**Task to carry out:** Repeat every entry word for word; omit all pictures.

Exercise input section start

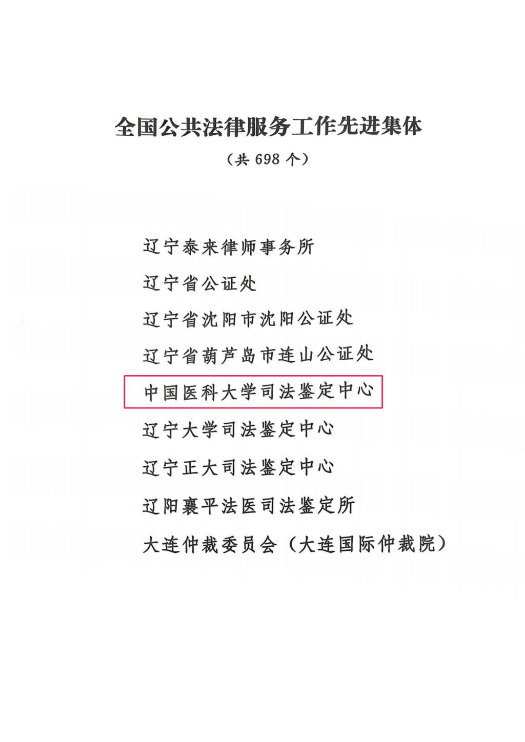 3月27日,司法部在北京召开全国法律援助和公共法律服务工作先进集体先进个人表彰大会暨现代公共法律服务体系建设推进会,对全国法律援助和公共法律服务工作集体、个人进行表彰。此次大会共对300个法律援助先进集体、450名先进个人和698个公共法律服务先进集体、944名先进个人进行了表彰。中国医科大学司法鉴定中心获得全国公共法律服务先进集体称号。
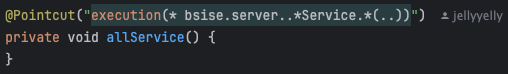 AspectJ 표현식으로 루트 패키지부터 하위 패키지까지 `*Service`로 끝나는 클래스(또는 인터페이스)에 적용을 합니다.
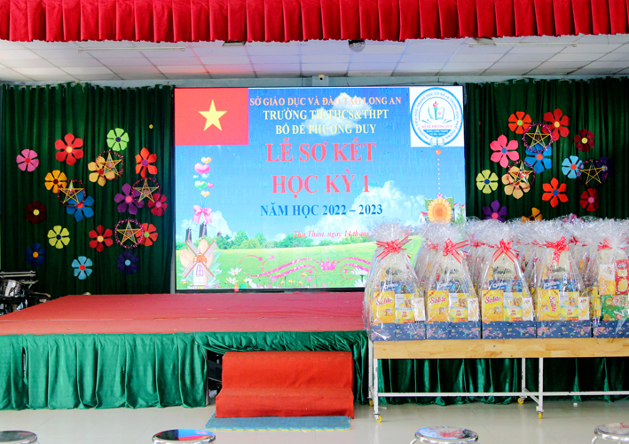 Lúc 2 giờ 30 phút, chiều ngày 14 tháng 01 năm 2023 (nhằm ngày 23 tháng Chạp năm Nhâm Dần), tại Trường Tiểu Học – THCS – THPT Bồ Đề Phương Duy, Ban Giám hiệu nhà trường và học sinh đã long trọng tổ chức lễ sơ kết học kỳ I, năm học 2022 -2023.
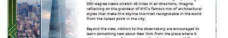 NYC is known for its constant evolution and we’ll also show you new shopping destinations, the latest on our five observatories, immersive experiences, exhibitions at some of the world’s finest museums, and many great pop-up venues. Have a great time and welcome to our city.
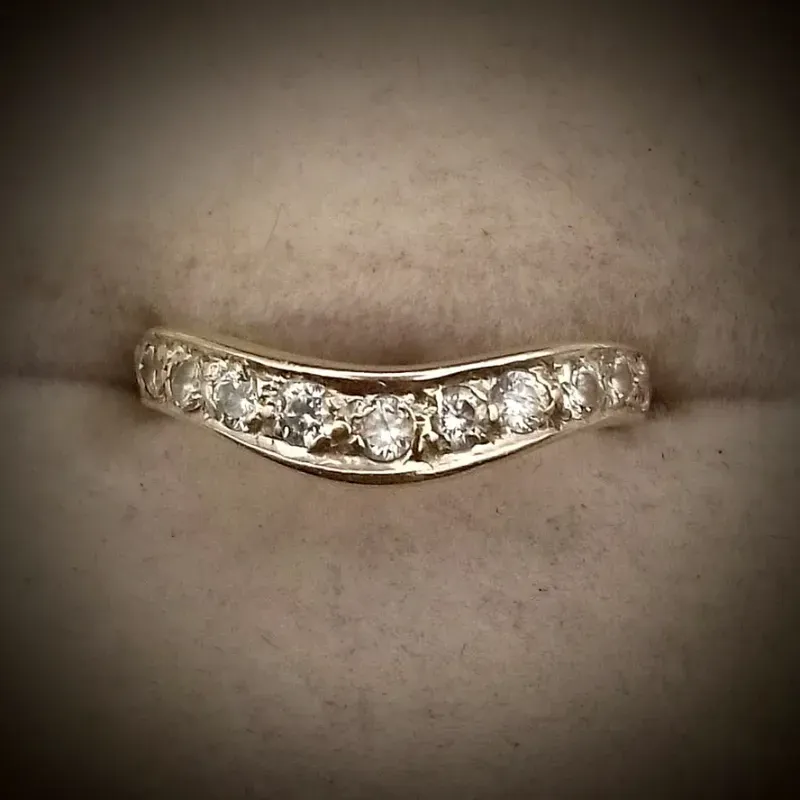 Anillo Original 14K Exclusivo en Forma de Ola con Brillantes y es oro natural blanco es talla 6 y media

Exercise input section end

**Answer space:**
 3月27日,司法部在北京召开全国法律援助和公共法律服务工作先进集体先进个人表彰大会暨现代公共法律服务体系建设推进会,对全国法律援助和公共法律服务工作集体、个人进行表彰。此次大会共对300个法律援助先进集体、450名先进个人和698个公共法律服务先进集体、944名先进个人进行了表彰。中国医科大学司法鉴定中心获得全国公共法律服务先进集体称号。
 AspectJ 표현식으로 루트 패키지부터 하위 패키지까지 `*Service`로 끝나는 클래스(또는 인터페이스)에 적용을 합니다.
 Lúc 2 giờ 30 phút, chiều ngày 14 tháng 01 năm 2023 (nhằm ngày 23 tháng Chạp năm Nhâm Dần), tại Trường Tiểu Học – THCS – THPT Bồ Đề Phương Duy, Ban Giám hiệu nhà trường và học sinh đã long trọng tổ chức lễ sơ kết học kỳ I, năm học 2022 -2023.
 NYC is known for its constant evolution and we’ll also show you new shopping destinations, the latest on our five observatories, immersive experiences, exhibitions at some of the world’s finest museums, and many great pop-up venues. Have a great time and welcome to our city.
 Anillo Original 14K Exclusivo en Forma de Ola con Brillantes y es oro natural blanco es talla 6 y media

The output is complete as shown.